» EXERCISE INSTRUCTIONS
Once you reach the line with "At Meadham Kirchhoff, designers" below, copy each line exactly, stopping after the line with "1974 SEATTLE SEAFAIR", and skip any pictures.

┄┄┄┄┄┄┄┄┄┄┄┄┄┄┄┄┄┄┄┄

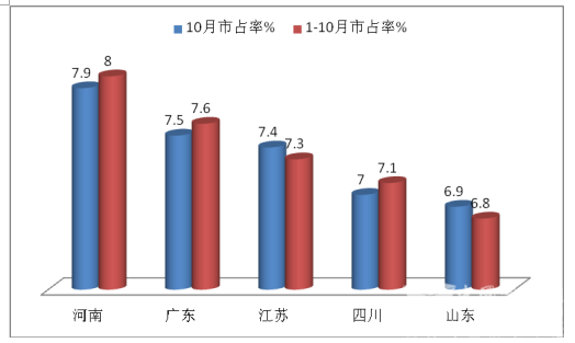 2、中型客车河南区域销量最多
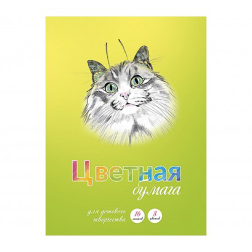 Бумага цветная А4 16л 8цв " Альфа-Тренд " Кошка-бабочка, на скобе, 200*275мм
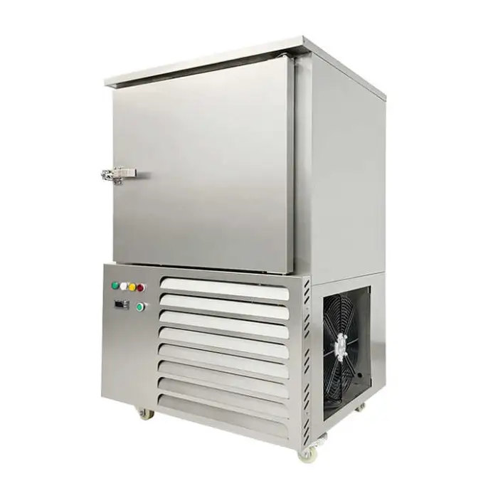 The blast chiller is intended for rapid freezing/preservation (blast chilling) to lock in quality. For long-term storage, transfer products after freezing to a dedicated freezer or cold storage unit designed for sustained low-temperature storage.
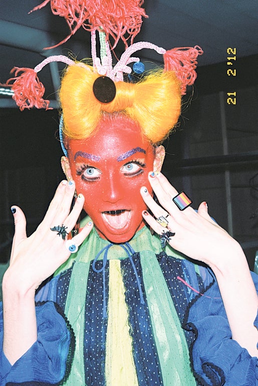 At Meadham Kirchhoff, designers Edward and Ben came to make-up artist Florrie White with a clear vision for their autumn winter show: 1990s supermodel meets 1980s drag queen. "It was gradual, as if the two were meeting each other," White says. As the old-school glamour and sculpted features of Christy Turlington entered a collision with Trojan, the drag queen at the heart of the Eighties club scene, a scrawl of paint around the eye grew into an hallucinogenic eye patch, a nude lip became a canvas for hyperactive pastel doodles. And those eyebrows? Lest any detail get lost in translation, each zig-zag was scrawled on by Edward.
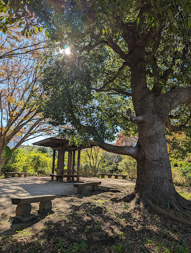 Read more車通りのある道路沿いにあり、近くに横断歩道もあるが、歩道橋を渡ると降りた所が入口。けやきの木、桜、銀杏、栗、椎ノ木、つつじ、シュロの木、桑の木まであり、緑地と芝生、が多く、一部砂地で、コンクリートの遊歩道をゆく感じ。所々に遺跡跡などがあり、背もたれなしベンチ6つ、テーブル席5つがあり(日なた)、入口付近には公衆トイレと手洗い場があり、真ん中辺りには東屋がある。団地と隣接していて、散歩や通勤、通学などで通り...
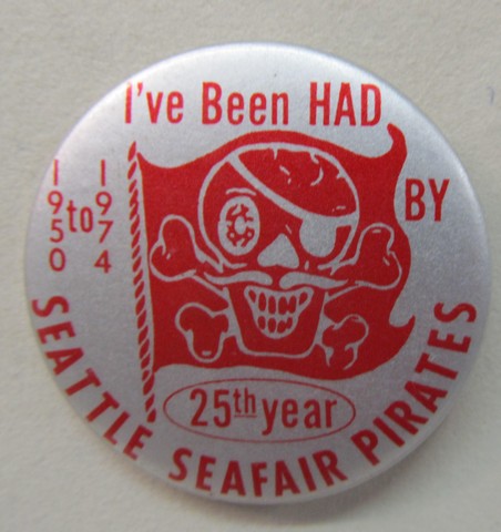 1974 SEATTLE SEAFAIR PIRATES 25th ANNIVERSARY. 2.25" diameter celluloid pinback button. near mint to mint. 8.50
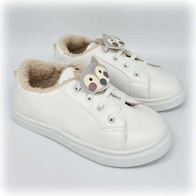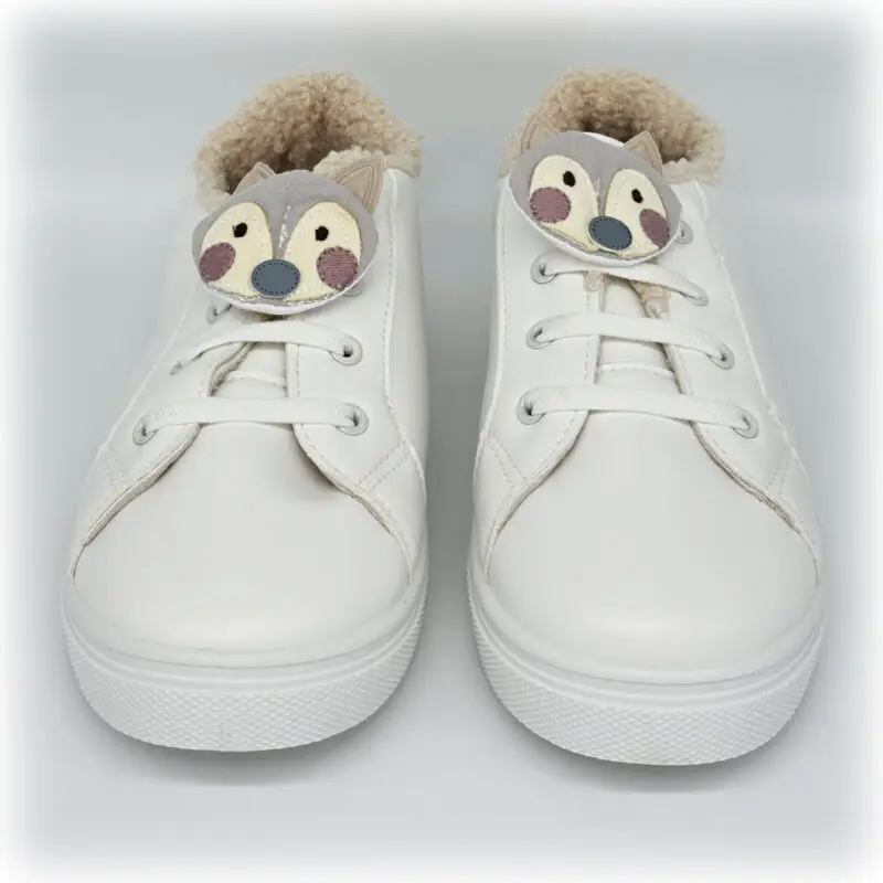 Der weisse Wolfi-Schuh ist mehr als nur ein Kinderschuh – er ist ein tierischer Freund, der kleine Füsse warmhält und jedes Abenteuer mitmacht. Mit seinem niedlichen Wolfsgesicht auf der Lasche schaut er neugierig in die Welt, immer bereit, gemeinsam loszustapfen.

┄┄┄┄┄┄┄┄┄┄┄┄┄┄┄┄┄┄┄┄

» YOUR SOLUTION
 At Meadham Kirchhoff, designers Edward and Ben came to make-up artist Florrie White with a clear vision for their autumn winter show: 1990s supermodel meets 1980s drag queen. "It was gradual, as if the two were meeting each other," White says. As the old-school glamour and sculpted features of Christy Turlington entered a collision with Trojan, the drag queen at the heart of the Eighties club scene, a scrawl of paint around the eye grew into an hallucinogenic eye patch, a nude lip became a canvas for hyperactive pastel doodles. And those eyebrows? Lest any detail get lost in translation, each zig-zag was scrawled on by Edward.
 Read more車通りのある道路沿いにあり、近くに横断歩道もあるが、歩道橋を渡ると降りた所が入口。けやきの木、桜、銀杏、栗、椎ノ木、つつじ、シュロの木、桑の木まであり、緑地と芝生、が多く、一部砂地で、コンクリートの遊歩道をゆく感じ。所々に遺跡跡などがあり、背もたれなしベンチ6つ、テーブル席5つがあり(日なた)、入口付近には公衆トイレと手洗い場があり、真ん中辺りには東屋がある。団地と隣接していて、散歩や通勤、通学などで通り...
 1974 SEATTLE SEAFAIR PIRATES 25th ANNIVERSARY. 2.25" diameter celluloid pinback button. near mint to mint. 8.50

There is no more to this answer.